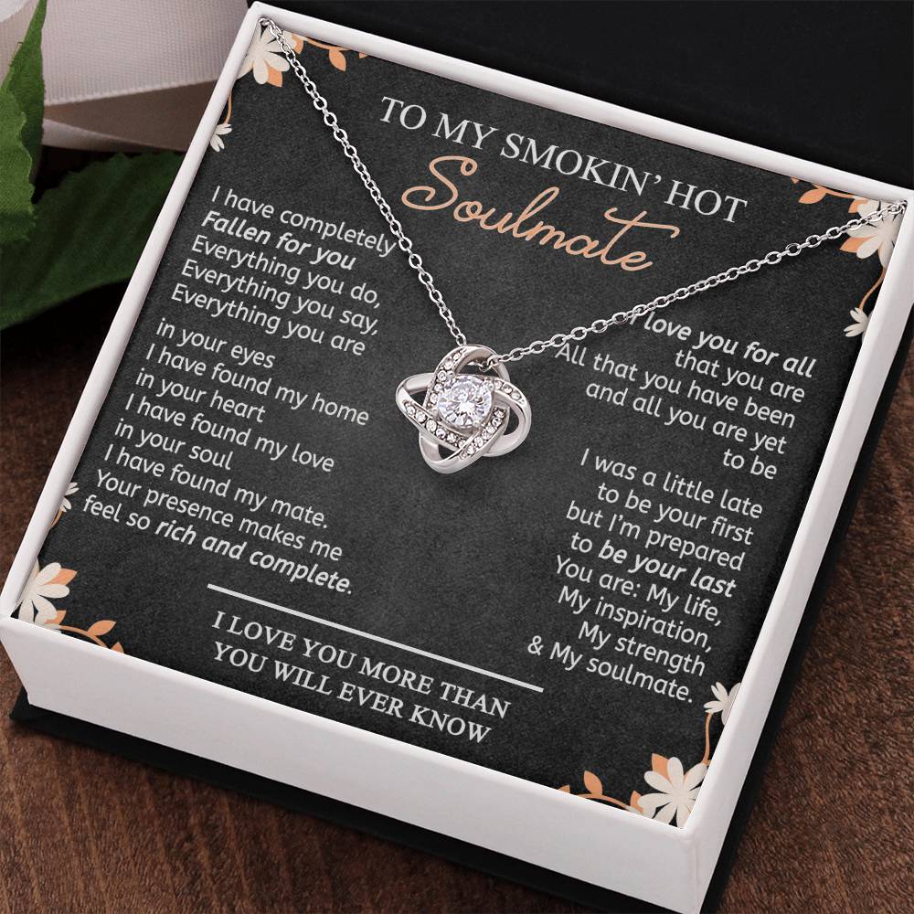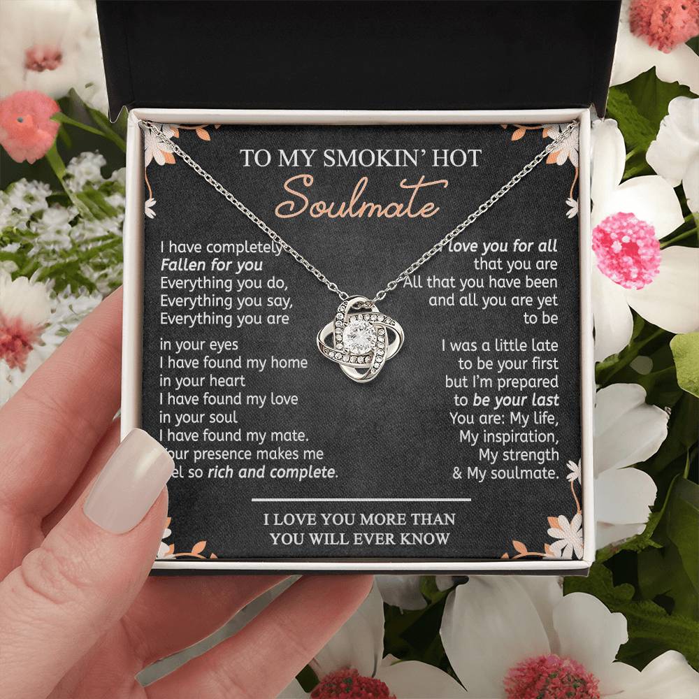 To My Smokin Hot Soulmate Necklace From Husband, Boyfriend, Gift Necklace for Smokin Hot Soulmate, Love Knot Necklace for Girlfriend, Future Wife Gift Necklace Jewelry For Wife 14k White Gold
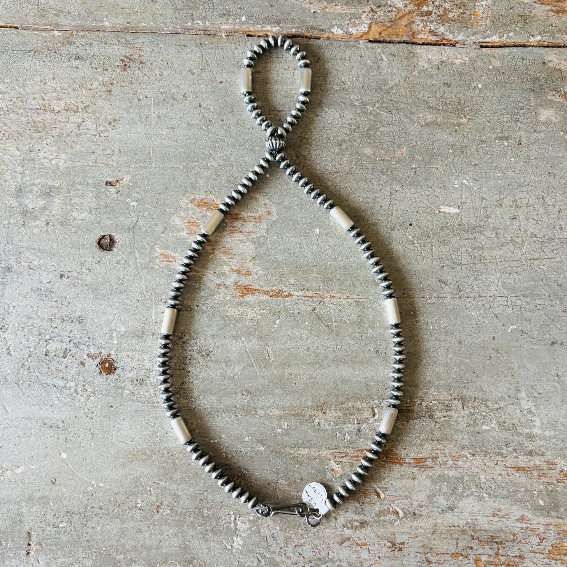 Navajo Tonisha Haley Sterling Silver 6.5mm Handmade Pearls Jacla Necklace
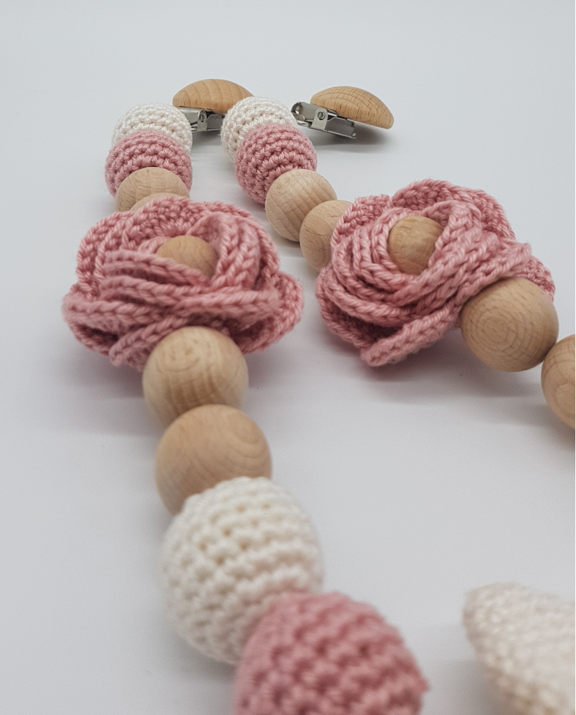Die Holzperlen eigenen sich sehr gut für Babys die zahnen, denn auf den Perlen kann gekaut werden, ohne dass es zu Abnutzung kommt, es kann keine Farbe oder Schrift abgehen. Sie sind BPA-frei.
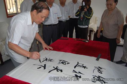 酿酒大师、书法家赖登燡挥毫书就“德行天下 地道原浆”
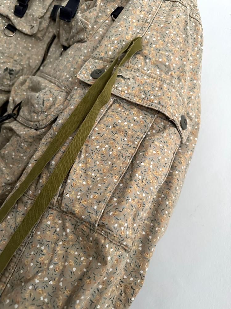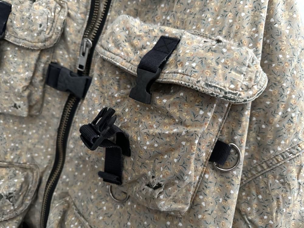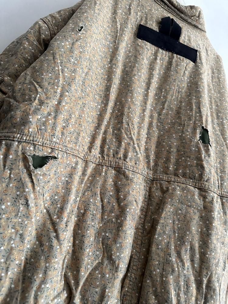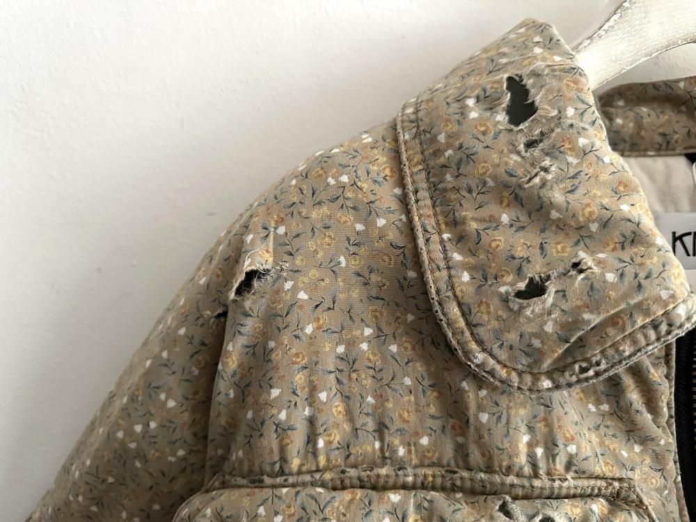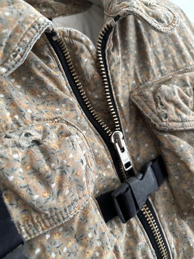 ガーリーな花柄生地に対し、全面にダメージ加工を施すことで退廃的でビンテージ感のる
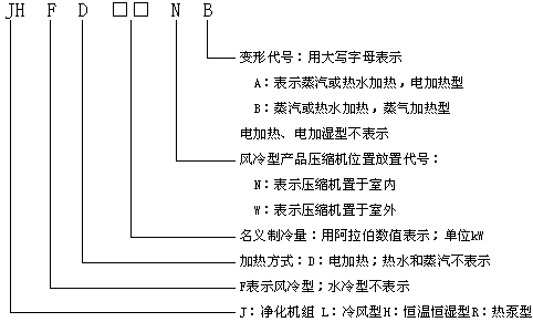 JLF(D)型風(fēng)冷凈化型冷(熱)風(fēng)機(jī)性能參數(shù)表:
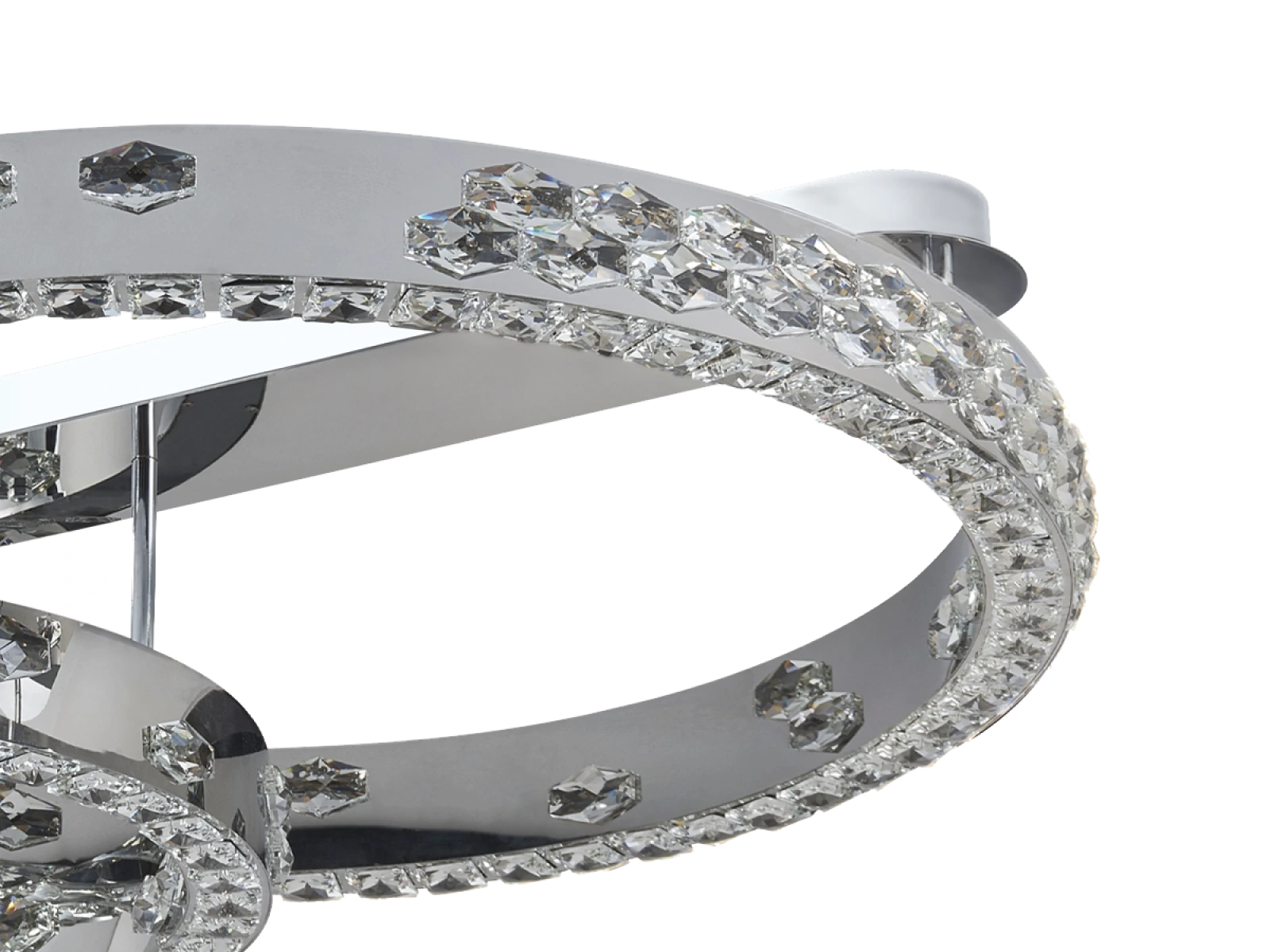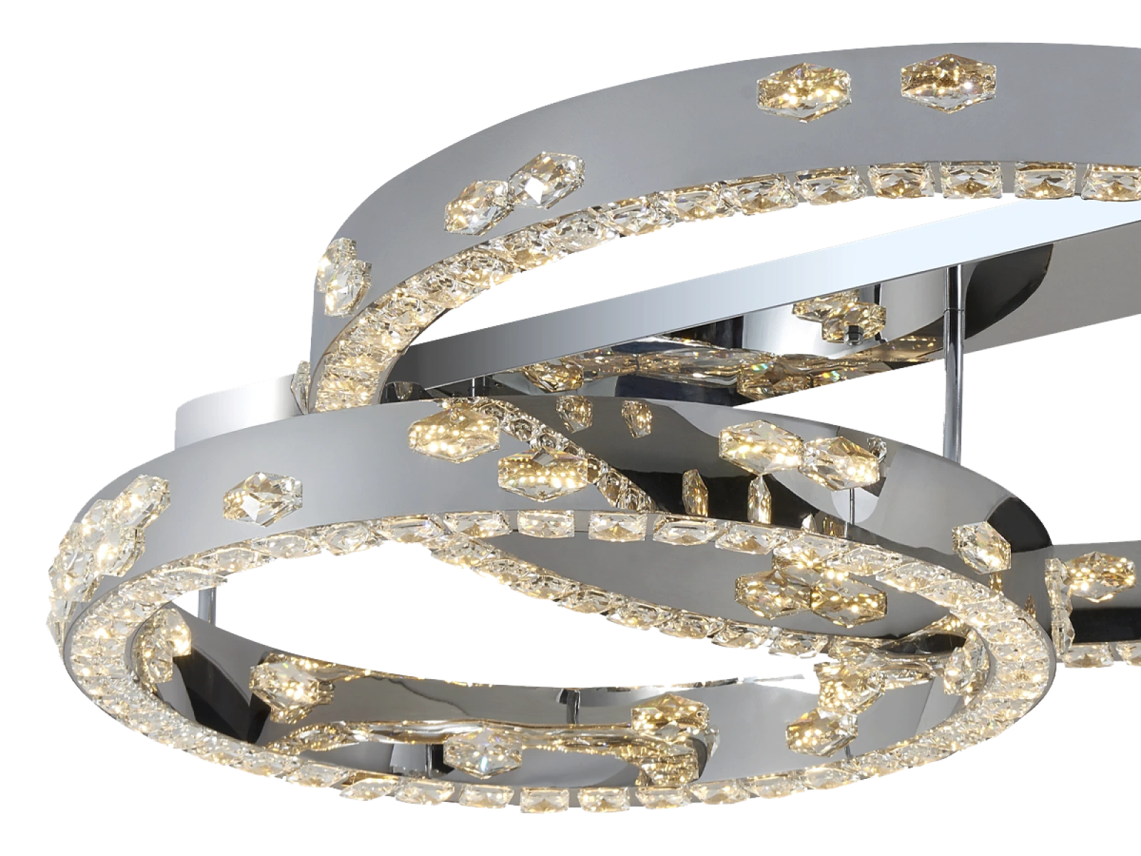 Kov z nerezové oceli s chromovanou povrchovou úpravou v kombinaci s precizně broušenými krystaly zajišťuje účinný odraz a lom světla. Díky vysoce kvalitní technologii zpracování si svítidlo dlouhodobě zachovává svůj vzhled i stálost materiálu.

Aim of the task »
Extract, without any images, the part of the material above that opens with the line containing "Die Holzperlen eigenen" and closes with the line containing "JLF(D)型風(fēng)", both lines included.

Answer space »
Die Holzperlen eigenen sich sehr gut für Babys die zahnen, denn auf den Perlen kann gekaut werden, ohne dass es zu Abnutzung kommt, es kann keine Farbe oder Schrift abgehen. Sie sind BPA-frei.
 酿酒大师、书法家赖登燡挥毫书就“德行天下 地道原浆”
 ガーリーな花柄生地に対し、全面にダメージ加工を施すことで退廃的でビンテージ感のる
 JLF(D)型風(fēng)冷凈化型冷(熱)風(fēng)機(jī)性能參數(shù)表:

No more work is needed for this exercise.